---- Material for this task

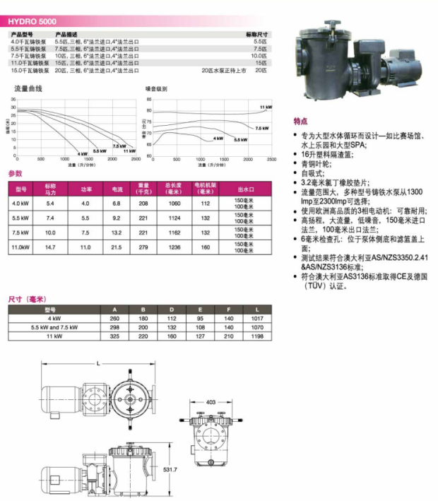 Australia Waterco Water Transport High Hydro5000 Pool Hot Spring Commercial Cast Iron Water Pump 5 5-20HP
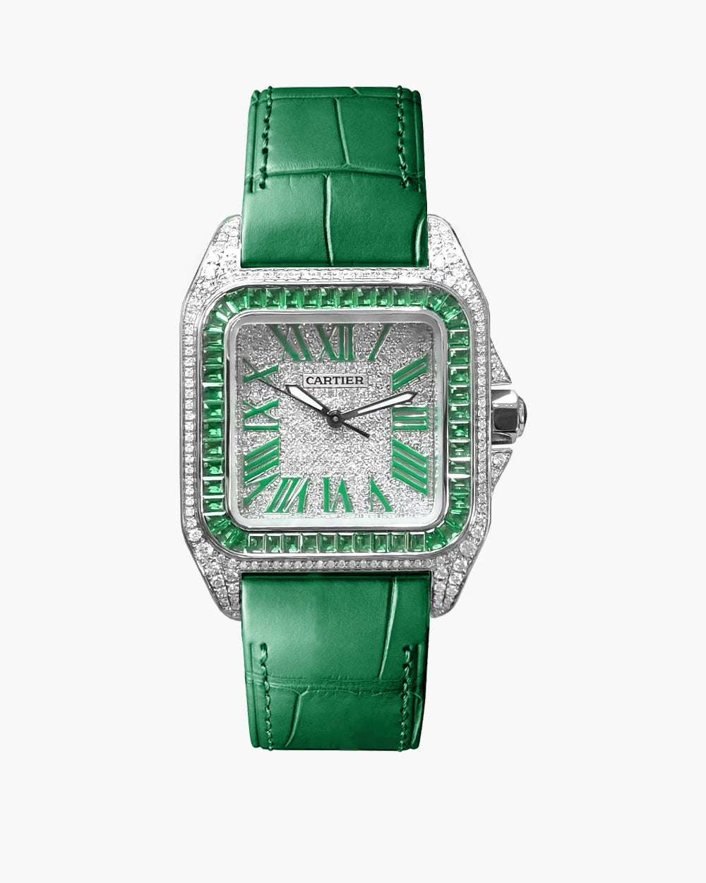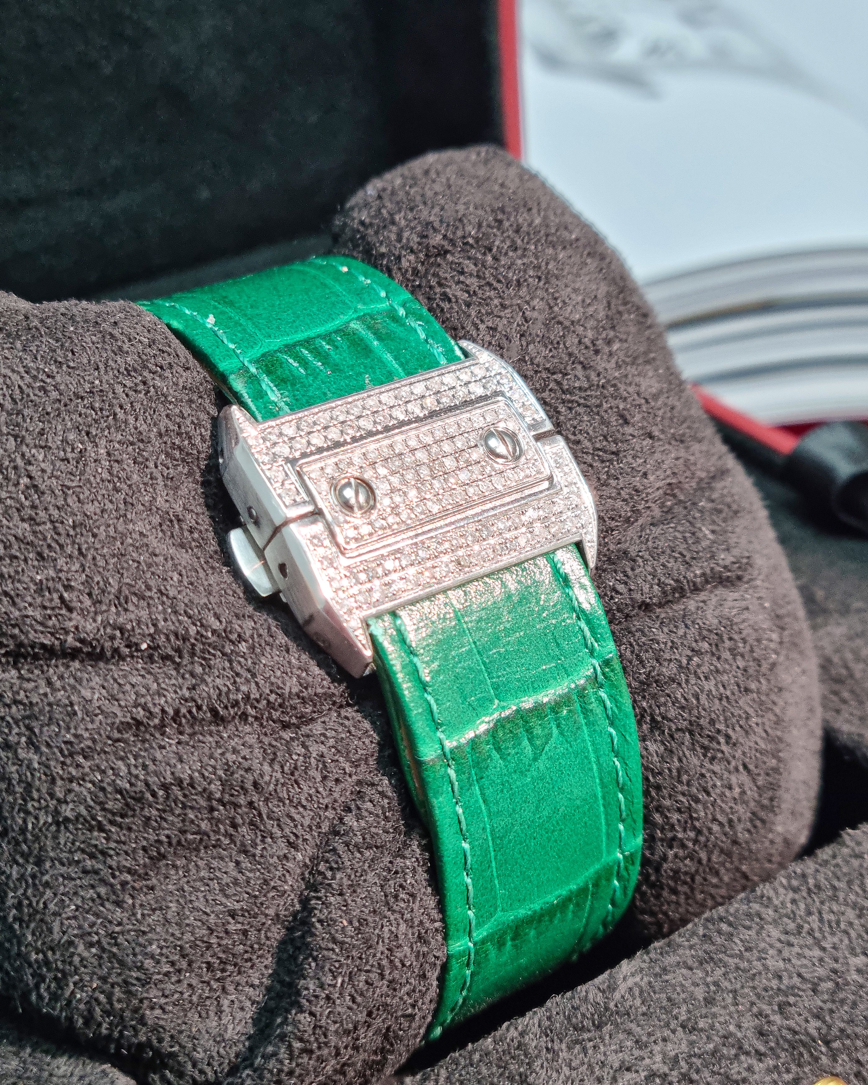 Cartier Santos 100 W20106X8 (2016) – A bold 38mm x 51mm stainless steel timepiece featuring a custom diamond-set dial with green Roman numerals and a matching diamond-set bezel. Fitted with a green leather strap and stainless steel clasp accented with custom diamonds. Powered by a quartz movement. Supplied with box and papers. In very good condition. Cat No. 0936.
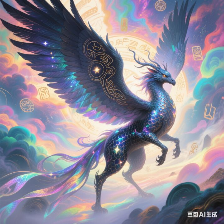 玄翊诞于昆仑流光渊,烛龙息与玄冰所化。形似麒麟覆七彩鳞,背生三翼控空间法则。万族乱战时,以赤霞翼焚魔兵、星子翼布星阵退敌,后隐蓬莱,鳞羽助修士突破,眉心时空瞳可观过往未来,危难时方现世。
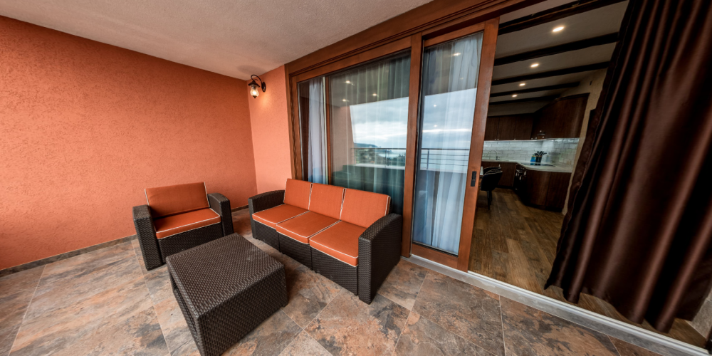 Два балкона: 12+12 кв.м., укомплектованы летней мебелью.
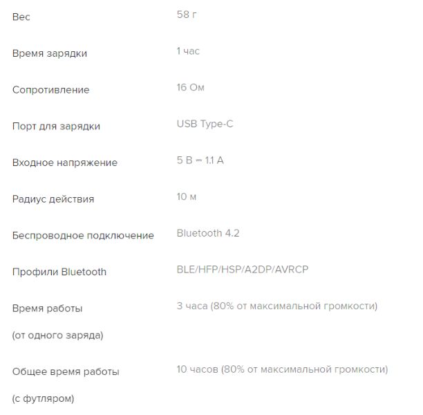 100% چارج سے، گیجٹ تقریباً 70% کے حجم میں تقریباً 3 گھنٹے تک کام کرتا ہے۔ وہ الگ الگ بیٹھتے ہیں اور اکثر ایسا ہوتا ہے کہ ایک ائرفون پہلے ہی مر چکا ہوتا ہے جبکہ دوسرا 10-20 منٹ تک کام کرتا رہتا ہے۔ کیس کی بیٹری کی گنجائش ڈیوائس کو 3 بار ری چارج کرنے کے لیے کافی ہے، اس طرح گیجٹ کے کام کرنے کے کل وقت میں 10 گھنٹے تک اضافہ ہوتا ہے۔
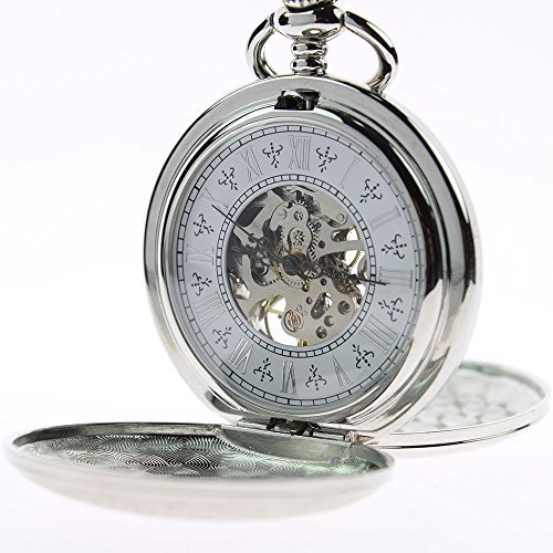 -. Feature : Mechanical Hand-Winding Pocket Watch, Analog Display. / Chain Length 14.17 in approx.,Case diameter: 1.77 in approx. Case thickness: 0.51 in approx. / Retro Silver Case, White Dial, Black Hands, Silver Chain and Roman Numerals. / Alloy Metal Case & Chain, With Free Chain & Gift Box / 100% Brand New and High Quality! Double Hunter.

--------

Exercise instructions: What is needed here is an exact copy of every record, with the pictures left out.

Reply:
 Australia Waterco Water Transport High Hydro5000 Pool Hot Spring Commercial Cast Iron Water Pump 5 5-20HP
 Cartier Santos 100 W20106X8 (2016) – A bold 38mm x 51mm stainless steel timepiece featuring a custom diamond-set dial with green Roman numerals and a matching diamond-set bezel. Fitted with a green leather strap and stainless steel clasp accented with custom diamonds. Powered by a quartz movement. Supplied with box and papers. In very good condition. Cat No. 0936.
 玄翊诞于昆仑流光渊,烛龙息与玄冰所化。形似麒麟覆七彩鳞,背生三翼控空间法则。万族乱战时,以赤霞翼焚魔兵、星子翼布星阵退敌,后隐蓬莱,鳞羽助修士突破,眉心时空瞳可观过往未来,危难时方现世。
 Два балкона: 12+12 кв.м., укомплектованы летней мебелью.
 100% چارج سے، گیجٹ تقریباً 70% کے حجم میں تقریباً 3 گھنٹے تک کام کرتا ہے۔ وہ الگ الگ بیٹھتے ہیں اور اکثر ایسا ہوتا ہے کہ ایک ائرفون پہلے ہی مر چکا ہوتا ہے جبکہ دوسرا 10-20 منٹ تک کام کرتا رہتا ہے۔ کیس کی بیٹری کی گنجائش ڈیوائس کو 3 بار ری چارج کرنے کے لیے کافی ہے، اس طرح گیجٹ کے کام کرنے کے کل وقت میں 10 گھنٹے تک اضافہ ہوتا ہے۔
 -. Feature : Mechanical Hand-Winding Pocket Watch, Analog Display. / Chain Length 14.17 in approx.,Case diameter: 1.77 in approx. Case thickness: 0.51 in approx. / Retro Silver Case, White Dial, Black Hands, Silver Chain and Roman Numerals. / Alloy Metal Case & Chain, With Free Chain & Gift Box / 100% Brand New and High Quality! Double Hunter.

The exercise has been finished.